The English noun "spam" in the Spam filter can be reproduced with the German word waste. Originally it meant canned meat. These are unwanted electronic messages in the IT area; ie they are delivered without the wishes of the recipient. Mostly they contain advertising. According to research by the Hamburg statistics portal Statista, the number of worldwide spam emails per year was 2014 28 billion. It is a global problem that is solved with the help of a spam filter; Specifically, unwanted messages are to be sorted out by a computer program.

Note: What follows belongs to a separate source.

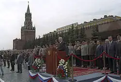 En los últimos años, Gorbachov debió afrontar otros problemas: explosión de violencia entre azerbaiyanos y armenios en 1988 a causa del enclave Nagorno-Karabaj, escasez generalizada en productos básicos y retorno a las cartillas de racionamiento[21] o la huelga minera en 1989[23]. Para John Swift, profesor en el St Martin's College, dos problemas irresolubles impidieron a Gorbachov tener éxito en sus reformas: La crisis económica y la cuestión de las nacionalidades. La división en el seno del PCUS entre conservadores y reformadores debilitó todavía más la posición del secretario general y aumentó el desprestigio de la clase política entre la población. En 1990, Estonia, Letonia y Lituania declararon la independencia unilateral (véase Desfile de Soberanías). En marzo de 1991, se produjo un referéndum en 9 de las 15 repúblicas soviéticas arrojando un resultado de un 78 % a favor de mantener la URSS[21]. En la RSS de Ucrania, república de suma importancia para la URSS por cuestiones culturales e históricas[24], el porcentaje de apoyo a la unión llegó al 70,2 % sobre una participación del 83,5 % y con un apoyo mayor en la zona más oriental[25]. Después de la RSFS de Rusia, la RSS de Ucrania era la república más importante y poblada de la URSS, destacando su agricultura y minería y metalurgia pesada de la cuenca del Donéts[24]. Tras el fallido golpe de Estado de los conservadores que deseaban revertir la situación aprovechando que Gorbachov estaba de vacaciones[21], en agosto de 1991, Borís Yeltsin tomó el control de la RSFS de Rusia iniciando la disolución de la URSS[26]. En el año 2015, Putin declaró que, en su opinión, Gorbachov comprendía la necesidad de emprender reformas, pero nunca llegó a saber con claridad qué reformas eran esas y cómo llevarlas a cabo[27]. Añadió además que ese deseo de reforma del sistema no nace con Gorbachov, sino que está inspirado en las ideas de los socialistas utópicos franceses[28].

The cause of such unwanted mail is referred to as a spammer, the process as spamming or spamming.
Areas of application of a spam filter
Classically speaking, the use of a spam filter was limited to the sorting out of unwanted emails. For this purpose, algorithms were used to construct modules for e-mail programs and mail servers. However, as the importance of advertising on the Internet has increased in the past more and more, newer programs also filter pages. Specifically, spam filters are also used for web browsers, wikis and blogs.
Working methods of a spam filter
Spam filters access information that is directly related to an email. On the one hand, this can be the content of the mail itself, but the originator of a message can also be checked to a limited extent. Three methods have been established:
a) The Blacklist method, A blacklist is a "blacklist" that is synonymous with an unwanted contact. In terms of content, such a list lists certain terms and keywords. An algorithm searches a mail for these keywords; if he finds such, this leads to a mail being sorted out. The same procedure can be extended to the sender. Many spam filters that use the blacklist method already contain a large amount of data. Users can extend this partially according to their personal needs.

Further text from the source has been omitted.